Kalb next argues that there was insufficient evidence to support her attempted possession with intent to distribute convictions because the government failed to prove she had constructive possession over the drugs represented to be in CC’s truck. The government may show that Kalb knowingly possessed contraband by showing constructive possession, which is “ownership, dominion, or control over the contraband itself,” or over the vehicle in which the contraband is concealed. United States v. Poulack, 236 F.3d 932, 936 (8th Cir.2001) (internal quotation marks and original emphasis omitted).
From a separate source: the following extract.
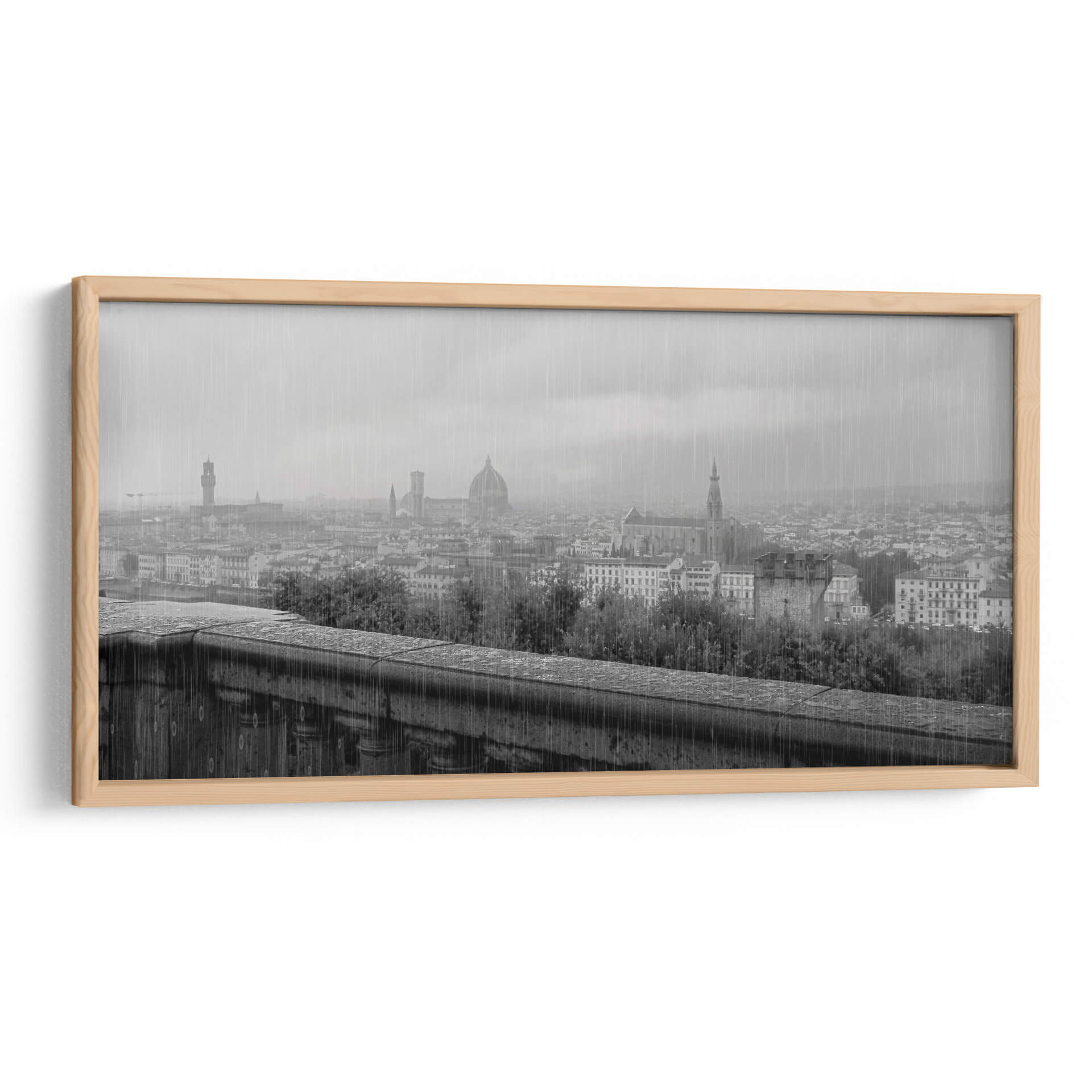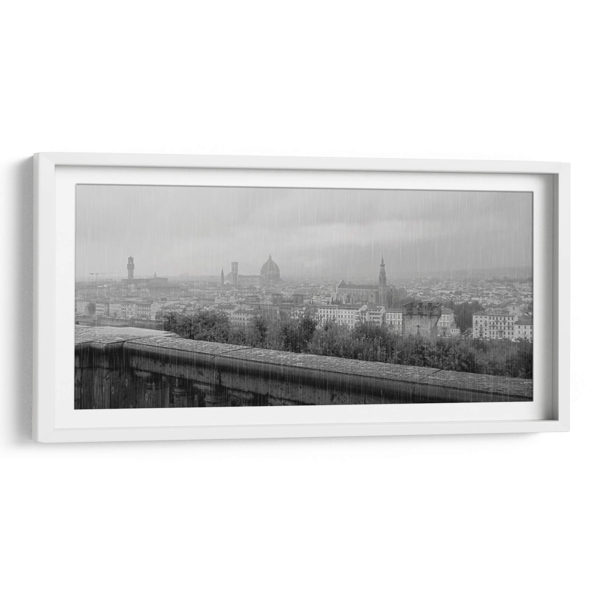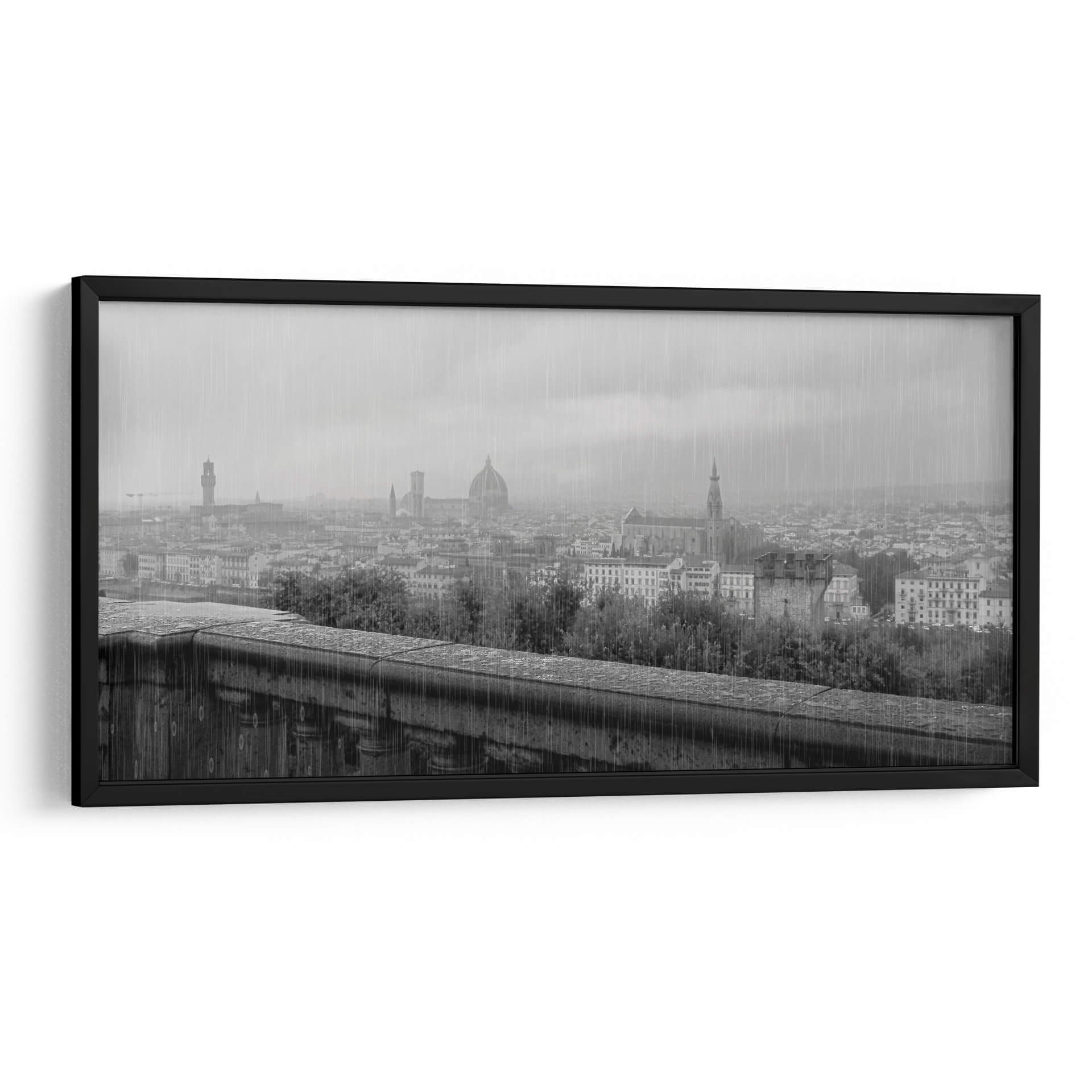 Sumérgete en la atmósfera melancólica y cautivadora de "Florencia con Lluvia", una obra de Ariadne Contreras que captura la esencia de la ciudad toscana bajo un cielo plomizo. Este cuadro decorativo te transporta a las calles empedradas y los tejados icónicos de Florencia, envueltos en una atmósfera de serenidad y reflexión. La paleta de grises y el tratamiento atmosférico, con la lluvia cayendo sutilmente, crean una sensación de intimidad y quietud, perfecta para aquellos que aprecian la belleza en los días grises. La composición, que abarca un horizonte urbano salpicado de arquitectura histórica y vegetación frondosa, ofrece una perspectiva amplia y a la vez detallada. Ideal para añadir un toque de sofisticación y profundidad a tu sala de estar, estudio u oficina, esta pieza evoca el romanticismo de la lluvia y la majestuosidad de Florencia, invitando a la contemplación. "Florencia con Lluvia" es más que una imagen; es una invitación a sentir la poesía visual de un paisaje urbano bañado por la lluvia, convirtiendo tu espacio en un refugio de calma y estilo contemporáneo.

Kalb asserts that because we have concluded that “mere presence in a vehicle containing contraband is not enough” to find a person has constructive possession of it, United States v. Serrano-Lopez, 366 F.3d 628, 635 (8th Cir.2004), the fact that she was not in CC’s truck means she could not have had constructive possession over what was inside it. In Serrano-Lopez, passengers were determined to have had constructive possession over illegal drugs in a car because they knew the drugs were there and yet rode with them nonstop from California to Nebraska. Id. Kalb also asserts that the ten to twenty minutes during which she followed CC’s truck was not enough time to establish constructive possession. Finally, she cites our decision in United States v. Wilson, 619 F.3d 787, 797 (8th Cir.2010), stating that she did not have a key or access to CC’s vehicle and therefore could not have had dominion over it.

We have determined that “[t]he linchpin of the ‘ownership, dominion, or control’ required for constructive possession is ‘not direct, physical control, but the ability to reduce an object to actual possession.’ ” United States v. Chauncey, 420 F.3d 864, 873 (8th Cir.2005). A person has this ability if she is “sufficiently associated with another having physical possession that [she] is able to produce a controlled substance for a customer.” Id. Kalb knew that CC transported and sold drugs. The FBI recorded CC asking Kalb to protect two shipments of cocaine and Kalb agreeing to do so. In her statement to police, Kalb confirmed CC had made these requests. The undisputed evidence shows that Kalb then carried out the requested escorts by driving in her police cruiser closely behind CC’s truck, which she believed contained drugs. At any time, Kalb could have switched on her lights, stopped CC’s truck, searched it, and seized any drugs it might have been carrying. In fact Kalb’s presence behind the truck ensured no other officer would interfere, just as the two had planned. Since her ability to execute a traffic stop enabled her to reduce any drugs CC may have had to her actual possession, we conclude that the evidence supports Kalb’s attempted possession with intent to distribute convictions based on her constructive possession of the drugs CC told her were in his truck. See id.

At the close of her brief, Kalb asserts that a reasonable jury would have found that Kalb was entrapped by CC and the FBI. Because she does not support this claim “with specific reasons, citations to the record, or relevant legal authority,” we consider it to be waived. United States v. McAdory, 501 F.3d 868, 870 n. 3 (8th Cir.2007).

We conclude that the evidence presented at trial was sufficient for a reasonable jury to find beyond a reasonable doubt that Kalb was guilty of extortion under color of official right and possession with intent to distribute cocaine. Accordingly, we affirm the judgment. 
      
      . The Honorable James M. Moody, United States District Judge for the Eastern District of Arkansas.